MISTÉRIOS DA MEIA-NOITE

O nome dela era Anita, tinha vinte e dois anos, era ruiva, alta, olhos azuis. Uma mulher linda, daquelas que chama a atenção por onde quer que passe.

O nome dele era Gabriel, tinha vinte e quatro anos, moreno, alto, olhos verdes. Igualmente lindo. Não tinha só nome de anjo, mas rosto e modos também.

Se conheceram em uma boate, numa noite fria de julho, o ano era 2002. Foi amor à primeira vista. Conversaram,dançaram, beberam conhaque e terminaram a noite em longos beijos em frente ao condomínio onde morava a moça.

Daquela noite em diante, Gabriel passou a visitá-la todos os dias, ou melhor, todas as noites. Ele sempre chegava ao apartamento de Anita à meia-noite em ponto.
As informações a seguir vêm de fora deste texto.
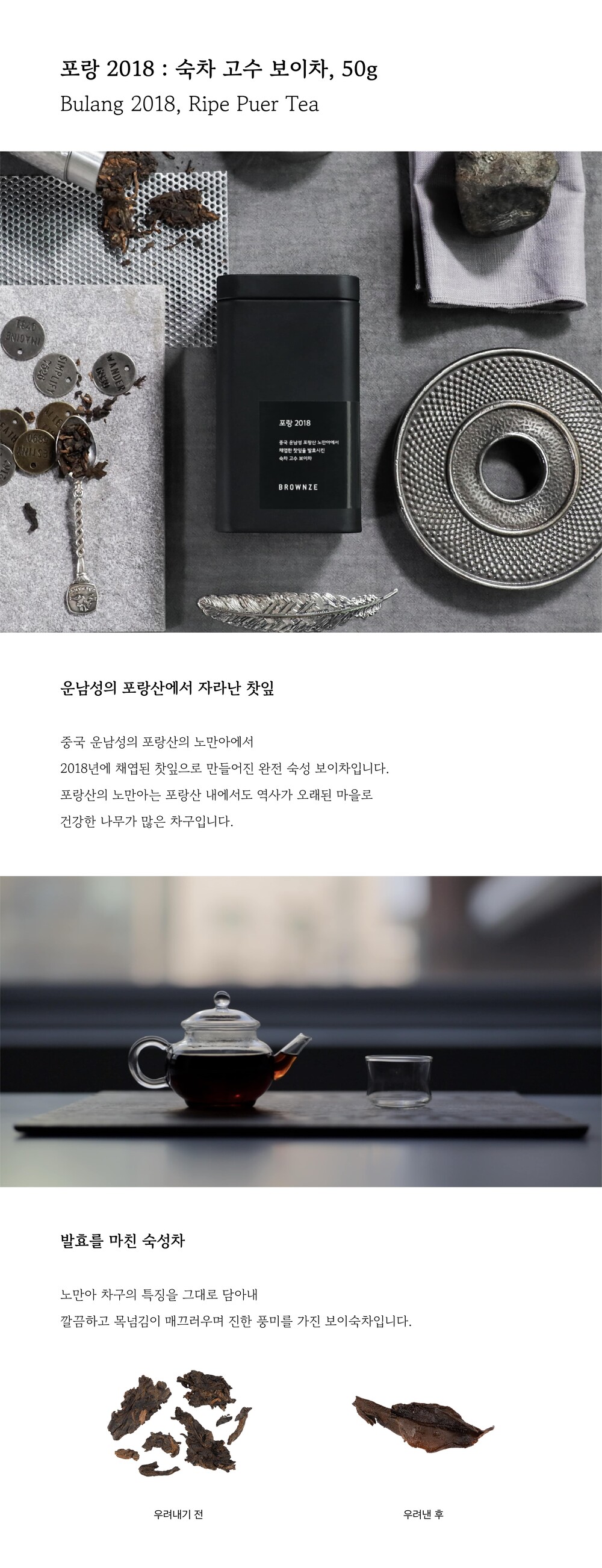 [브라운즈] 포랑 2018 : 숙차 고수 보이차 50g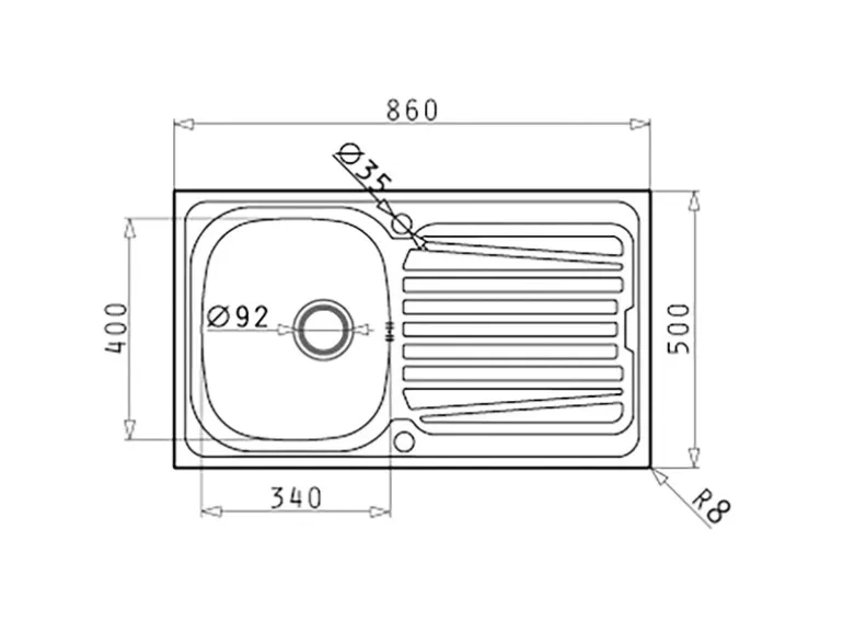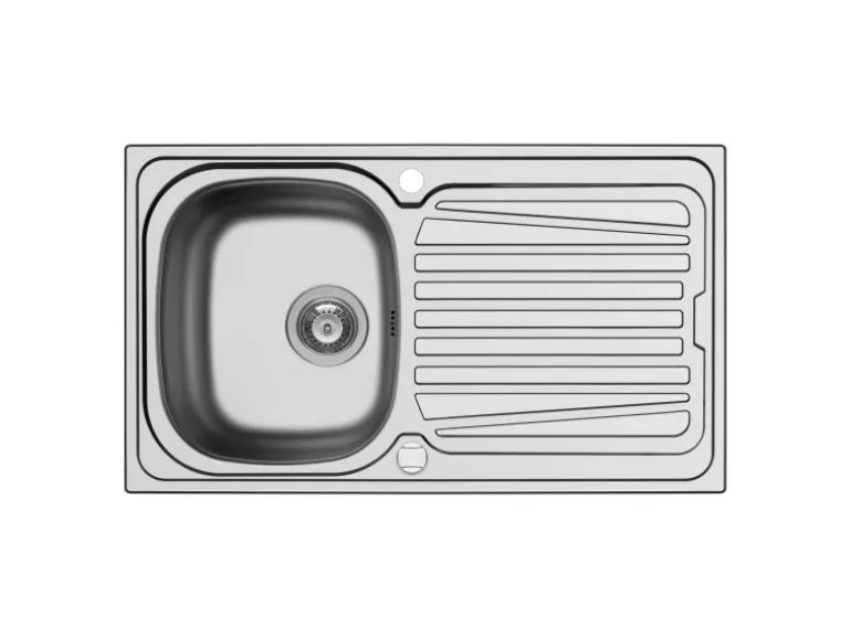 Mit ihren kompakten Außenmaßen und der kleinen Abtropffläche nimmt die Spüle nur wenig Platz auf der Arbeitsplatte ein und passt bereits in Unterschränke ab 45 cm Breite.

Dizia que não podia chegar antes porque trabalhava até mais tarde numa mercearia. Ia embora sempre às seis da manhã, com a desculpa de que precisava passar em casa pra dar um “alô” pra mãe antes de voltar ao trabalho.

Ela achou esse comportamento um tanto estranho, mas estava perdidamente apaixonada e não deu maior importância ao fato. O rapaz era encantador, tinha todas as qualidades e predicados que Anita poderia esperar de um homem. Era meigo, educado, apaixonado, bonito, inteligente e na cama então, era um amante espetacular. E foi justamente essa última característica que a deixou cega e fez com que ela permanecesse ao lado dele por tanto tempo, sem desconfiar de nada.

Sim, porque Gabriel era um mistério. O fato de só ir visitar a namorada à meia-noite, jamais em outro horário, e ir embora sempre às seis da manhã, não era o único comportamento esquisito do rapaz.

Ele nunca dizia claramente à Anita onde morava, não tinha telefone, nunca quis conhecer a família ou mesmo os amigos da moça, e tão pouco apresentou a ela qualquer parente ou amigo seu. Dizia apenas que morava com a mãe. Outro fato estranho, é que Gabriel nunca queria acompanhar Anita a lugar nenhum, dizia que ficar namorando em casa era muito melhor, que não via mais graça em festas ou barzinhos, que preferia ficar sempre a sós com ela, sem ninguém pra interferir, tamanha era a sua paixão.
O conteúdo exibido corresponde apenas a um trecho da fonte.